En mai dernier, alors que Substance-M n’en était qu’à ses balbutiements, j’abordais avec vigueur et conviction le cas du label japonais EM Records au travers d’une sortie d’un obscur musicien surnommé Wicked Witch qui nous gratifiait d’un « Chaos: 1978-86″ à la fois surprenant et réellement jouissif. Loin d’en être à son coup d’essai, le label japonais s’attache à publier depuis le début de la décennie écoulée en majeure partie des albums oubliés, ayant rejoint la masse des LPs relégués à l’arrière-plan par la mémoire collective à l’heure des bilans; ces galettes dont on dit qu’elles représentent la quintessence de ce qu’elles véhiculent alors qu’il ne s’agit, généralement, que de la surface immergée de l’iceberg. Essentiellement focalisé sur une musique oscillant entre le jazz le plus débridé, l’expérimentation musicale avant-gardiste et une réelle ouverture à quelque genre musical que ce soit pourvu qu’il soit porteur d’une expression personnelle et singulière, EM Records nous gratifiait, l’année passée, d’une série d’albums en provenance directe des années 70 dont la caractéristique commune la plus évidente demeure cet inexplicable statut d’ovnis musicaux dénigrés ou occultés.

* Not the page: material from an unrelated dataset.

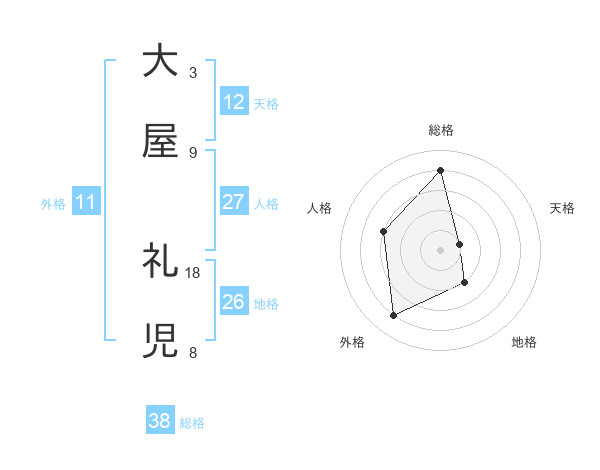 大屋 礼児さんの総格は38画の4点!
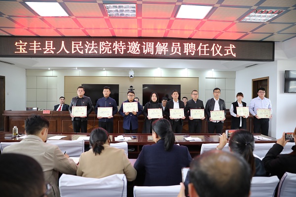 聘任仪式上,宝丰法院党组成员、副院长李庆东宣读了《宝丰县人民法院关于拟聘任王旻昊等24名同志为特邀调解员的决定》,沈伟轩同志为受聘的特邀调解员代表颁发证书,杨庄镇党委政府负责人表示将积极配合法院做好诉前调解工作。

Parmi ceux là, « Isophonic Boogie Woogie » de Roland P. Young fait figure de cas d’école. De part le statut de son géniteur, de prime abord; véritable figure sur laquelle il semble bien difficile de se documenter efficacement en surface. En réalité, en dépit d’une tentative de conserver une aura particulière autour du musicien, deux clics suffisent à comprendre le parcours et la musique de Roland Young. Formé à la clarinette jazz dès son plus jeune âge, Roland Young emprunte les sentiers communs à bon nombre de musiciens de sa trempe; baignant dans le liquide créatif insufflé par diverses formations musicales depuis ses premiers pas au sein de groupes scolaires jusqu’à son entrée au sein de l’U.S. Navy à la sortie du lycée. Affecté sur un navire dans le Pacifique, Roland Young retrouve la terre ferme dans le courant des années 60 lorsqu’il s’installe à San Francisco une fois son passage dans la Marine U.S. terminé. C’est à ce moment là qu’il entame, dit-on, de se forger un style bien à lui en étudiant les structures musicales en provenance des quatre coins de la planète; une curiosité qu’il laisse échapper par l’incontournable exercice d’improvisation.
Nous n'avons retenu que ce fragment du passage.